WHAT YOU WILL DO: Would you please copy each line of the data in which the string "from" occurs?

EXCERPTED RECORDS:
◇ ◇ ◇ ◇ ◇ ◇ ◇

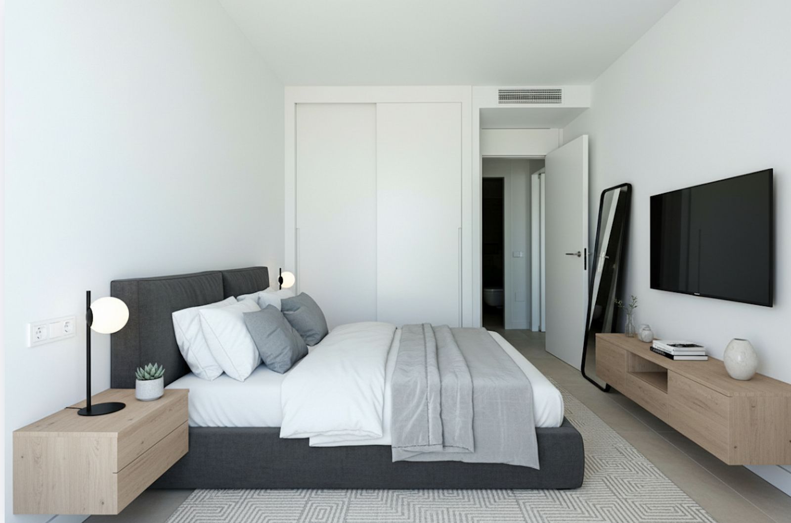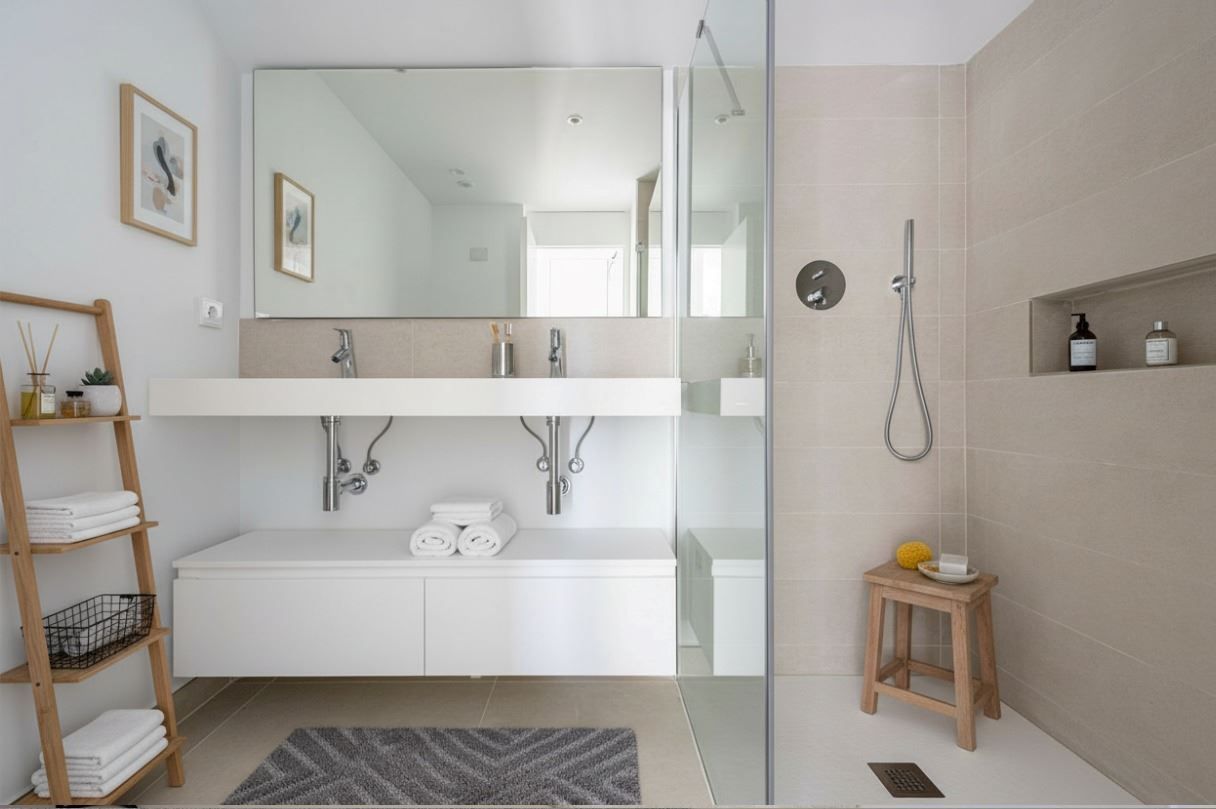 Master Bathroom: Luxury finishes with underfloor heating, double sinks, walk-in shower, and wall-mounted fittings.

◇ ◇ ◇ ◇ ◇ ◇ ◇

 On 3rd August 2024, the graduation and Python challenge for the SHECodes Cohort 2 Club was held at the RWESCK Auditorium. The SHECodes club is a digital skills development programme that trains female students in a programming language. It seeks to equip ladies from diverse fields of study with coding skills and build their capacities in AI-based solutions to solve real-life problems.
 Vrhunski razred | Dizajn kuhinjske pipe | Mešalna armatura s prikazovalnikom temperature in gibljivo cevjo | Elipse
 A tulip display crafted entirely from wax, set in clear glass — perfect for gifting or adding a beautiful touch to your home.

◇ ◇ ◇ ◇ ◇ ◇ ◇

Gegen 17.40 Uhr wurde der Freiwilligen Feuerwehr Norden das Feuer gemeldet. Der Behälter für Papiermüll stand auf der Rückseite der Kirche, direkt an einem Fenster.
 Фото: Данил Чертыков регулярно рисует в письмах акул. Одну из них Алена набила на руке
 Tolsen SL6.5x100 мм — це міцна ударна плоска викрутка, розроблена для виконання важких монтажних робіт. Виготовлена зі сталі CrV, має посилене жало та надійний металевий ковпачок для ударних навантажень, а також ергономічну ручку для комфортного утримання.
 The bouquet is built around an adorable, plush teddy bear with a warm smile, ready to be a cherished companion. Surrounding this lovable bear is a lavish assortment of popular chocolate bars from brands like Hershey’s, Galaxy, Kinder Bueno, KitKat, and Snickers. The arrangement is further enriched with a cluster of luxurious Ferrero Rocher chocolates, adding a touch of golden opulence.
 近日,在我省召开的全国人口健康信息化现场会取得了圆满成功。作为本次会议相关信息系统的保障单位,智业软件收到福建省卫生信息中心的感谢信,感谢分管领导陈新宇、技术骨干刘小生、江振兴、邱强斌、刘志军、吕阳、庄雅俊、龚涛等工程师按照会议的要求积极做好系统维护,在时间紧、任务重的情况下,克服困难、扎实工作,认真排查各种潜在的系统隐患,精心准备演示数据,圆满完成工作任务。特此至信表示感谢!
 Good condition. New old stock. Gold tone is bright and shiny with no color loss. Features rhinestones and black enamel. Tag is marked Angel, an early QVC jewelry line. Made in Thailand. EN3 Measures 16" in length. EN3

◇ ◇ ◇ ◇ ◇ ◇ ◇

ANSWER TO THE PROBLEM:
 On 3rd August 2024, the graduation and Python challenge for the SHECodes Cohort 2 Club was held at the RWESCK Auditorium. The SHECodes club is a digital skills development programme that trains female students in a programming language. It seeks to equip ladies from diverse fields of study with coding skills and build their capacities in AI-based solutions to solve real-life problems.
 A tulip display crafted entirely from wax, set in clear glass — perfect for gifting or adding a beautiful touch to your home.
 The bouquet is built around an adorable, plush teddy bear with a warm smile, ready to be a cherished companion. Surrounding this lovable bear is a lavish assortment of popular chocolate bars from brands like Hershey’s, Galaxy, Kinder Bueno, KitKat, and Snickers. The arrangement is further enriched with a cluster of luxurious Ferrero Rocher chocolates, adding a touch of golden opulence.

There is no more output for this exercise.